4. Trata-se até aqui ainda da pequena política ou intendência europeia. A grande política joga-se no período de óbvia instabilidade e incerteza em que a Alemanha e a União Europeia vão mergulhar. Nos anos 70-80, havia estabilidade através do chamado bipartidarismo imperfeito (a CDU e o SPD coligavam-se à vez com os liberais, um partido muito mais pequeno, mas charneira). Depois de Kohl, já com cinco partidos, a estabilização passava por não haver governos minoritários (desde a fundação da RFA que nunca houve nenhum). Nos últimos dezasseis anos, formaram-se duas grandes coligações CDU-SPD, uma SPD-Verdes e outra CDU-FDP. Agora, o espectro de Weimar assola e assoma o edifício do Reichstag e regressou a pulverização partidária com seis grupos parlamentares, dois deles radicais, um à esquerda e outro à direita. A Alemanha parece uma grande Noruega, Dinamarca ou Finlândia (ou até a agora colorida Suécia). Ou, o que não é melhor, uma grande Holanda ou Bélgica, que, aliás, já alastrou ao Luxemburgo. A Alemanha que era, com a França e o Reino Unido, um referencial de estabilidade partidária, tornou-se hoje uma incógnita, muito provavelmente sujeita a novo e turbulento ciclo eleitoral.

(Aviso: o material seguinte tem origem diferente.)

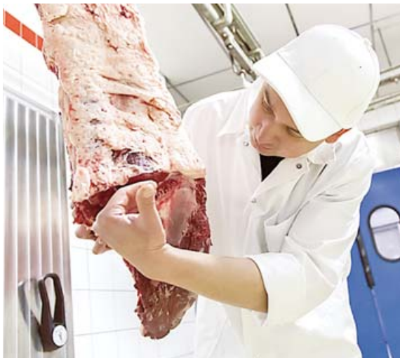
Der Metzger beurteilt den Reifezustand des Rindfleischs.

Kreativität und Organisations-talent sind nur einige der
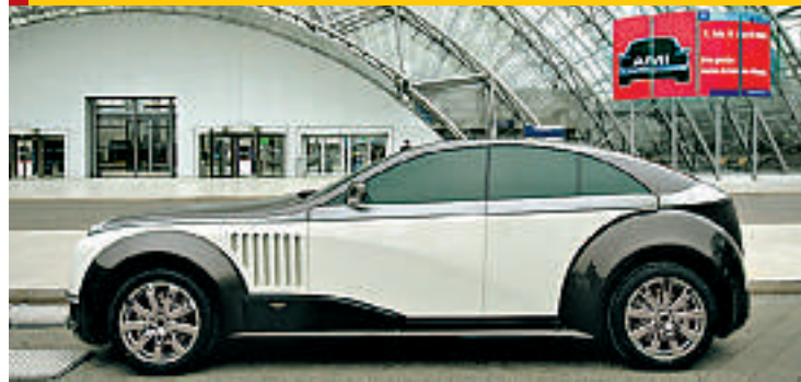
Blanke og nye biler på AutoMobil i Leipzig i april.

14.-22.4: AutoMobil i Leipzig. Stor og viktig bilmesse. www.ami-leipzig.de
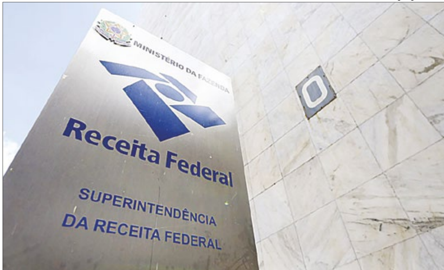
Seminário deve contar com a presença do secretário da Receita Federal, Robinson Barreirinhas

evento (28) contará com duas mesas redondas. Uma, pela manhã, sobre as “Perspectivas e desafios para o financiamento da Seguridade Social no
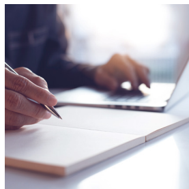
Rechte kennen und Chancen nutzen
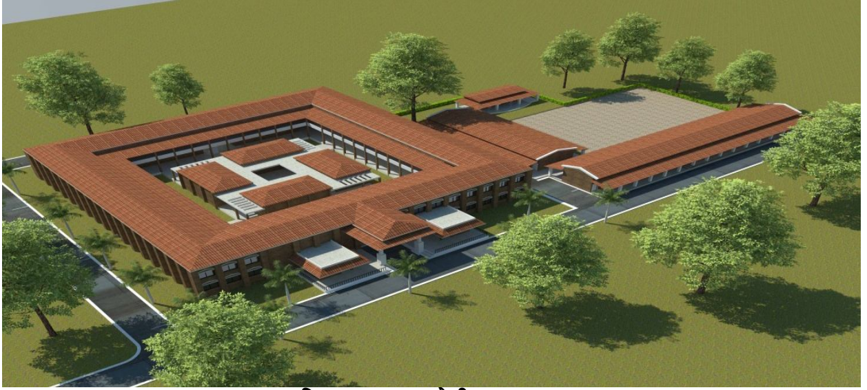
विद्याअरण्यम् शाळेची मुख्य इमारत

विद्या-अरण्यम् आपली शैक्षणिक सुविधा आगामी सत्रात जून २०१९ पासून पूर्व-प्राथमिक व प्राथमिक (इयत्ता १ ली ते ८ वी) इंग्रजी आणि मराठी माध्यमात शैक्षणिक सेवा विस्तारित आहे.
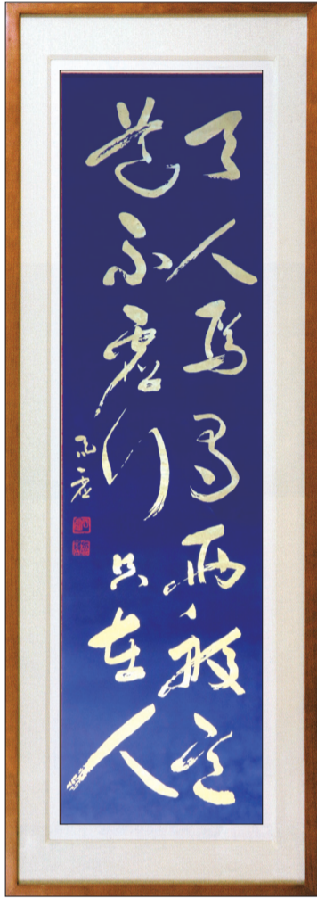
1280 x 300mm

Era bem conhecida a classificação de Lijphart das democracias consensuais do Norte da Europa por contraposição à democracia maioritária de Westminster. Pois agora, a Alemanha já é uma dessas democracias consensuais nórdicas e o Reino Unido deixou de ser a velha fortaleza maioritária. Com efeito, os britânicos precisaram de uma coligação entre 2011-2015 (conservadores-liberais) e vivem hoje, de 2017 em diante, na mais periclitante das coligações entre conservadores e radicais protestantes da Irlanda do Norte (DUP). Isto para já não falar da França, que, comparada com os outros dois gigantes, parece um oásis de estabilidade e de previsibilidade, com um Presidente que tem logrado vencer a rua, mas que, nunca o esqueçamos, mudou radicalmente o seu sistema partidário. E mudou há parcos meses, sem que ninguém se atreva a futurar sobre os próximos episódios.

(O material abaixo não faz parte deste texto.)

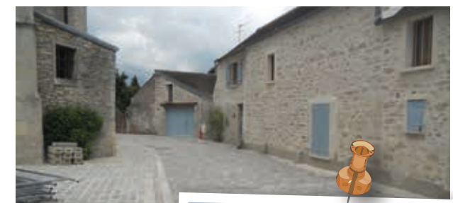
▲ Rues pavées et effets de relief contribuent à «théâtraliser» le patrimoine bâti, tout en organisant l'espace.
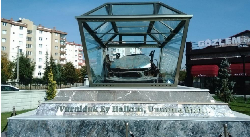
Eskişehir’deki Uğur Mumcu Parkı’nda yer alan anıt (Funda Altun arşivi).

Ankara ve Türkiye’nin pek çok şehrinde geçen yıllar içinde, Uğur Mumcu adına anıtlar, heykeller yapıldı, sokaklara, caddelere, parklara ve okullara onun ismi verildi. Ankara’da Uğur Mumcu’nun evinin olduğu sokağın bağlandığı caddenin ismi “Uğur Mumcu Caddesi” iken, evin bulunduğu sokağın adı da “Uğur Mumcu’nun Sokağı” olarak değiştirildi. Evin karşısında yer alan anıtın bulunduğu parkın ismi ise “Uğur Mumcu Parkı”. Bu bölümde “suçun anıtlarına” dair veriler aktarılacaktır. Böylelikle toplumsal bellekte adaletsizlik sorunsalının nasıl “anıtlara dönüştüğü” irdelenebilecektir. Bir görüşmeci şöyle bir kanaatini ortaya koymuştur;

5. Em poucas palavras, os sistemas partidários alemão, francês e britânico – e já agora, italiano, espanhol, dos países de leste e de tantos outros – entraram em mudança profunda, senão mesmo em convulsão. A instabilidade alemã vai perturbar o ciclo de negociações com Macron, vai mudar os dados e os prazos do "Brexit" (com a paisagem política britânica em agonia galopante), vai baralhar as contas nas eleições italianas, vai perturbar largamente a agenda reformista europeia, cuja aceleração era esperada para os próximos meses. E torna provável o ocaso de Merkel, que, como Thatcher ou Kohl, acabará por sair. Restar-lhe-á talvez uma boa saída nessa saída crepuscular; a saída boa que tudo poderia reverter: ser ela a candidata a Presidente da Comissão Europeia para 2019-2024 e aceitar o repto de Juncker, não vedado nos Tratados, de fundir esse cargo com o de Presidente do Conselho. Yo no creo en las brujas, mas que las hay, las hay.  

Sim e Não

Sim. Porto e sede da EMA. Com o tempo disponível, a cidade mostrou estar à altura de albergar uma grande instituição internacional. Designadamente, em sede de infra-estruturas logísticas e educacionais.

Não. Porto e sede da EMA. O critério mais desfavorável para o Porto foi o de o país ter já 2 agências (o que excluía a primeira escolha do governo). A escolha muito tardia e a falta do ministro à votação não ajudaram.